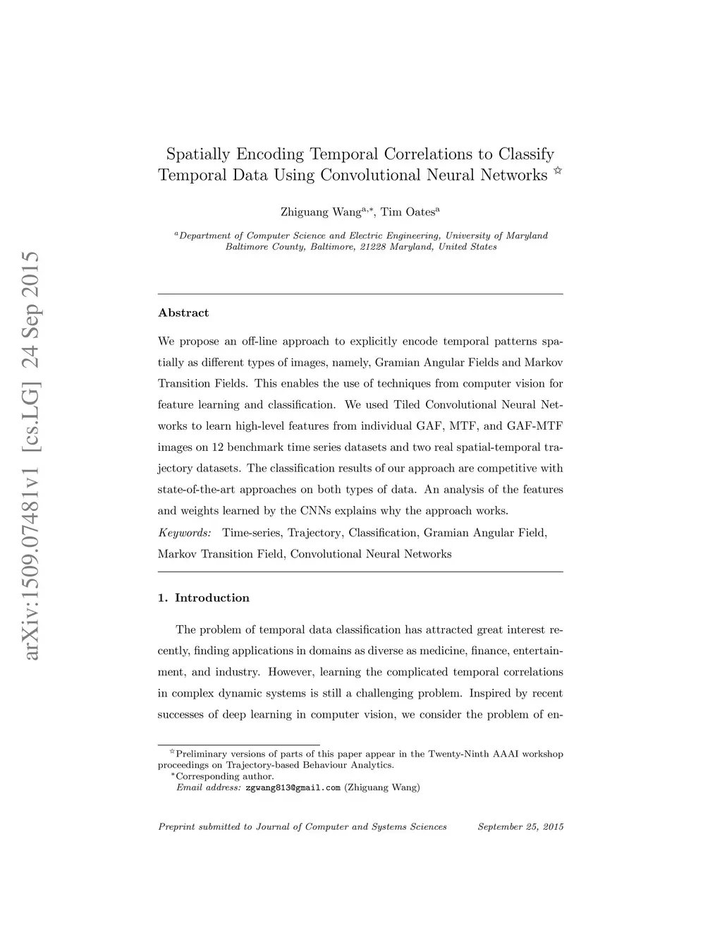 We propose an off-line approach to explicitly encode temporal patterns spatially as different types of images, namely, Gramian Angular Fields and Markov Transition Fields. This enables the use of techniques from computer vision for feature learning and classification. We used Tiled Convolutional Neural Networks to learn high-level features from individual GAF, MTF, and GAF-MTF images on 12 benchmark time series datasets and two real spatial-temporal trajectory datasets. The classification results of our approach are competitive with state-of-the-art approaches on both types of data. An analysis of the features and weights learned by the CNNs explains why the approach works.
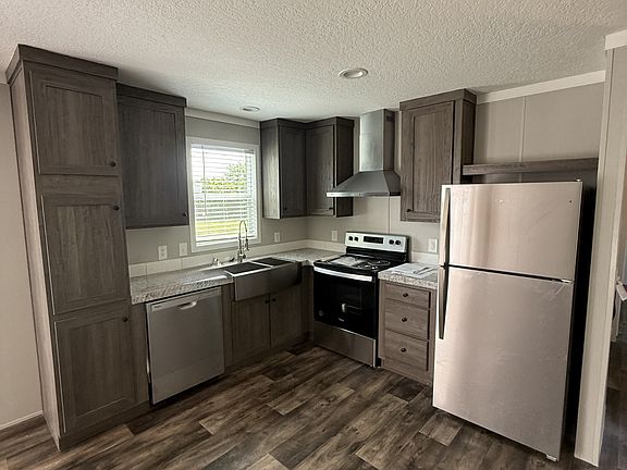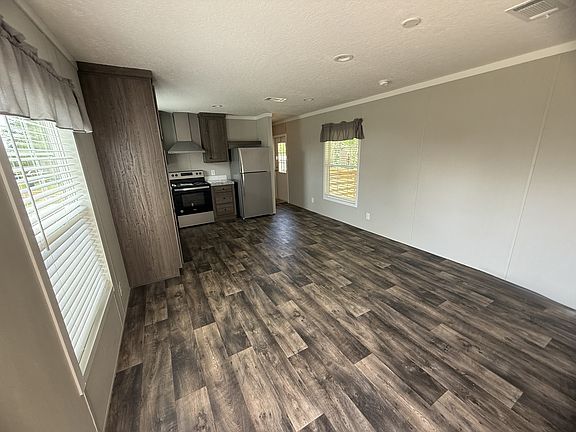 Available now BRAND NEW 2025, 3 bed 2 bath mobile home in small quiet community. All new stainless steel Whirlpool appliances, washer and dryer hookups, farmhouse double kitchen sink with gourmet faucet sprayer. Stainless European style Range hood, Recessed LED lighting fixtures throughout the home, LVP wood flooring throughout, 2" plantation blinds, brand new Heating & Air system with heat pump. Large back deck for relaxing, grilling and entertaining. Home is on a new concrete slab. This home is a certified energy efficient home. Lease Purchase option is available with 10% down. No pets. Small, Quiet community, large shaded lot
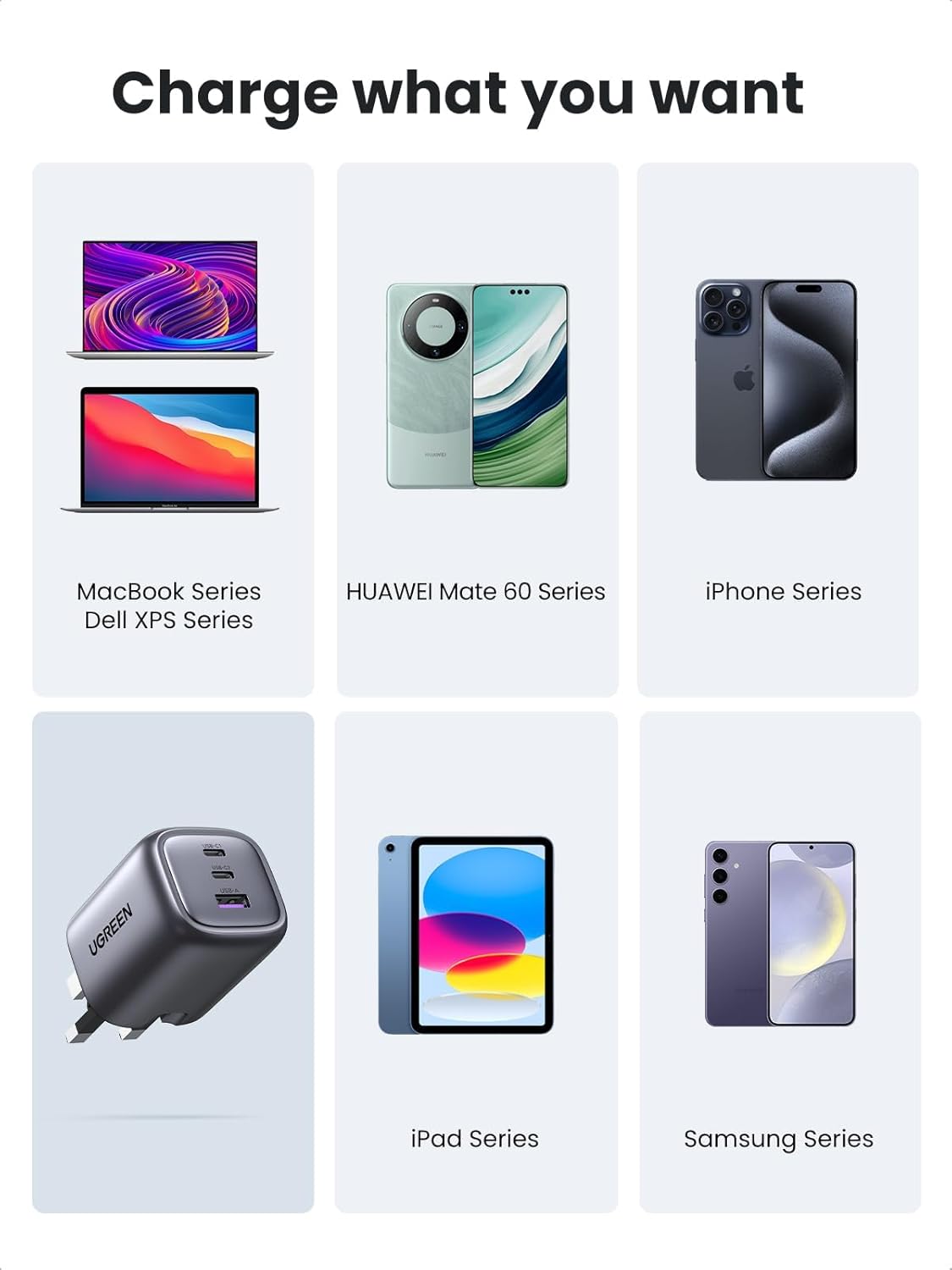 UGREEN Nexode Charger —— 65W USB C GaN Fast Charger Plug, provides a perfect solution for your multi-devices.
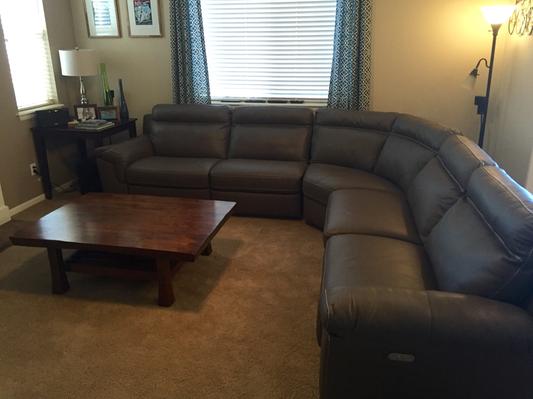 We had searched for nearly a year to find a sectional, in leather that would fit into our family room. We nearly gave up on the idea when we went to Macy's Furniture in Oakbrook, IL. The sales person was outstanding and patiently showed us this sectional which could be configured to fit our room. The leather, workmanship and recliners that didn't look like recliners, were just what we wanted. We ordered it and it was delivered in a few days. The delivery people were fantastic. I would definitely shop at Macy's furniture again and would highly recommend them because of their professionalism, customer service, delivery and set-up. I am beyond impressed and have never found customer service like this from any furniture company. The sectional and couch are beautiful and we are beyond excited at how they look! Thank you Macy's!!
============
:: To do ::
Extract word for word every line from the line that contains "UGREEN Nexode Charger" to the final line of the data, both included, and nothing else; skip the pictures.

:: Result of the exercise ::
 UGREEN Nexode Charger —— 65W USB C GaN Fast Charger Plug, provides a perfect solution for your multi-devices.
 We had searched for nearly a year to find a sectional, in leather that would fit into our family room. We nearly gave up on the idea when we went to Macy's Furniture in Oakbrook, IL. The sales person was outstanding and patiently showed us this sectional which could be configured to fit our room. The leather, workmanship and recliners that didn't look like recliners, were just what we wanted. We ordered it and it was delivered in a few days. The delivery people were fantastic. I would definitely shop at Macy's furniture again and would highly recommend them because of their professionalism, customer service, delivery and set-up. I am beyond impressed and have never found customer service like this from any furniture company. The sectional and couch are beautiful and we are beyond excited at how they look! Thank you Macy's!!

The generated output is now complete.